Die beiden deutschen Ärzte, die uns begleiteten, erzählten, die französischen Verwundeten wollten gewöhnlich das Lazarett nicht verlassen, da sie wie einfache Gefangene behandelt werden, sobald sie wieder auf die Beine gekommen sind …

Die jungen Ärzte, die uns führten, berichteten, daß die deutschen Soldaten sich immer und ohne Ausnahme an die Front zurücksehnten, soweit ihr Zustand solche Gedanken nicht einfach unmöglich machte.

Bei den Franzosen sei die Stimmung eine andere: „Alles – nur nicht zurück an die Front!“ Auch das ist aus psychologischen Gründen ganz natürlich. Nichts drückt den Soldaten so nieder und demoralisiert ihn so wie eben die Gefangenschaft. Er spielt die Rolle des Schwächeren, er lebt ausschließlich von der Gnade anderer, seine Kraft ist erschöpft, seine Initiative gelähmt und seine Kampflust vergebens.

Da sagt er, um persönliche Vorteile zu gewinnen und aus einer an und für sich widrigen Situation das Beste herauszuschlagen, manches, was er jenseits der Feuerlinie niemals gesagt hätte.

Deshalb würde man jedem Heere unrecht tun, wenn man seinen Kampfwert nach den Aussagen der Gefangenen beurteilen wollte.

Hierin findet man vielleicht auch die Erklärung für das Faktum, daß in dem Trierer Lazarett, wenigstens in der Horn-Kaserne, die Sterblichkeit unter den Franzosen viel größer war als unter den Deutschen …

Man sagte mir, die Wunden der Deutschen heilten leichter und schneller als die der Franzosen, und das psychologische Moment ist dabei von unverkennbarer Wirkung.

Original-Bildunterschrift: “Gießen: Im Lazarett”.
In einer Baracke ist ein Lazarett untergebracht.
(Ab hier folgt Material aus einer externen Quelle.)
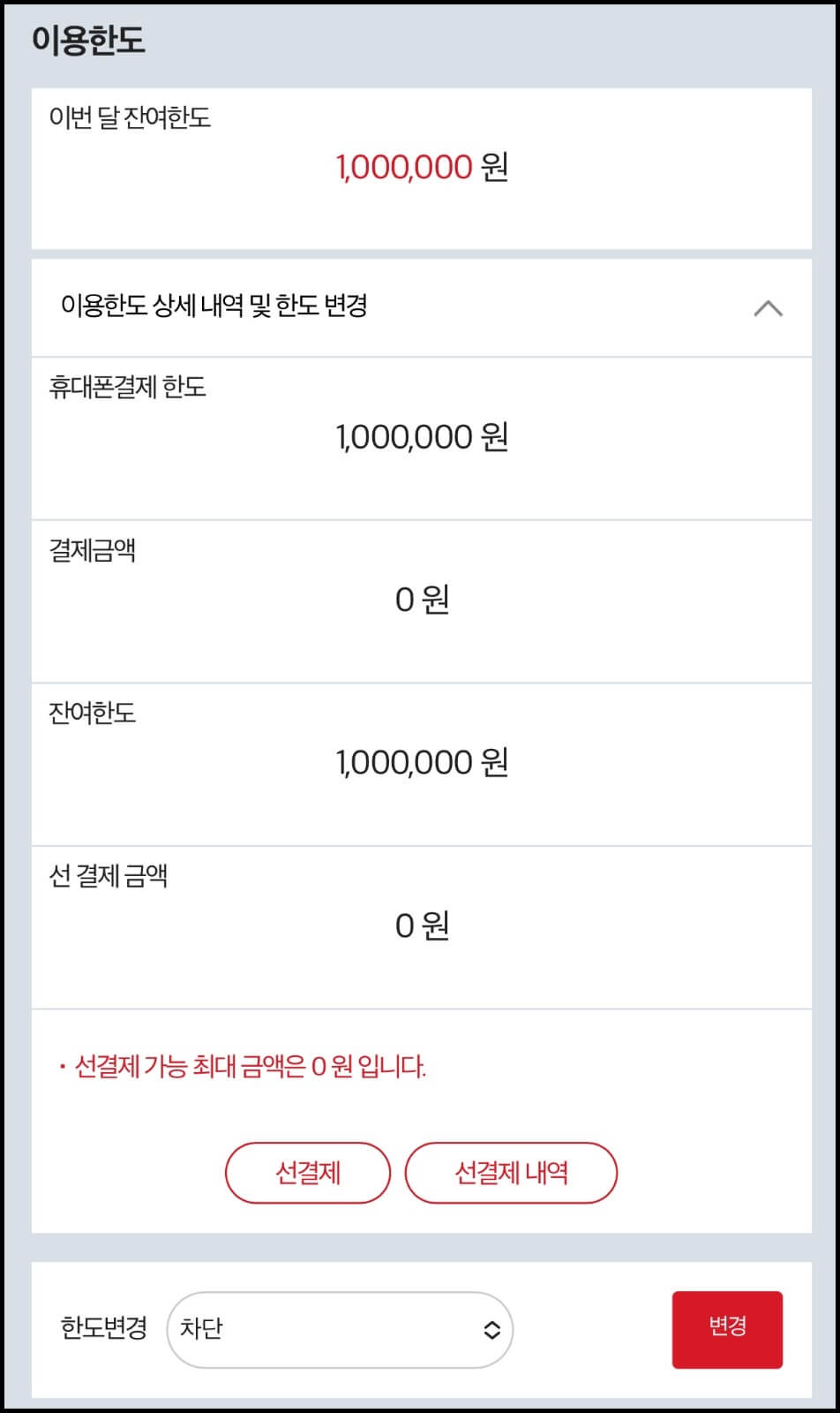 휴대폰 소액결제 서비스 이용동의가 완료되면 이용 한도를 확인할수 있고, 이용한도 상세 내역 및 한도 변경을 클릭하고, 한도 변경 또는 차단을 눌러 kt 소액결제 차단을 하면 됩니다.

Die Kriegsgefangenen liegen in einzelnen Betten und werden von Pflegern betreut. Vier Ofenrohre sind zu sehen. Der Raum hat zu beiden Längsseiten Fenster. (Bild: lagis-hessen.de)

Dies ist einer der Beiträge, mit denen Sven Hedin seinem Wunsch nachkam, der britischen Greuelpropaganda von Mißhandlungen gegnerischer Gefangener in Deutschland mit selbsterlebter Wahrheit zu begegnen. Wir Deutsche müssen ihm noch heute dafür dankbar sein.

Wir sehen an seiner Schilderung, wie wenig Fremdenhaß selbst im Krieg bei den Menschen verschiedener Völker bestand, die ohne ihre Schuld von interessierten überstaatlichen Mächten aufeinander gehetzt wurden.

Die Völker selbst wollten – und konnten sehr gut – miteinander im Frieden leben.

Das gelingt, wenn Gebiets- und Freiheitsgrenzen des andern geachtet werden – und nur dann.

In seinem 1915 bei Brockhaus herausgekommenen Buch

Ein Volk in Waffen

schildert Sven Hedin seine Eindrücke von Deutschland, wie er es im September 1914 antraf. Als Staatsbürger seines neutralen Heimatlandes Schweden hatte er die Sondergenehmigung zu seiner Reise nach dem im Krieg befindlichen Deutschland erhalten.

Ankunft in Deutschland und das große Erstaunen

Hedin landete nach seiner Schiffsreise über die Ostsee an Rügen an:

In Saßnitz betreten wir deutschen Boden, der ehedem schwedisch war.

Alles ist wie sonst.

 

Karte: Wikipedia

Die Spannung des Reisenden war ganz unnütz. Außer einem einsamen Landsturmmann mit dem Gewehr über der Schulter erinnert nichts an den Krieg …

Die deutschen Bahn- und Zollbeamten begegnen uns mit aller nur wünschenswerten Höflichkeit und sehen gemütlich aus in ihren neuen, bunten Uniformen.

Der Zug beschreibt seinen Bogen über Rügen nach Altefähr, und wird auf seiner Fähre aufs Festland überführt. Dort erheben die altehrwürdigen Kirchen ihre Türme über die alte Stadt Stralsund, in deren Bahnhof wir einige Zeit verweilen.

 

Stralsund Nikolaikirche (Bild: © dpa-Report, Foto: Stefan Sauer)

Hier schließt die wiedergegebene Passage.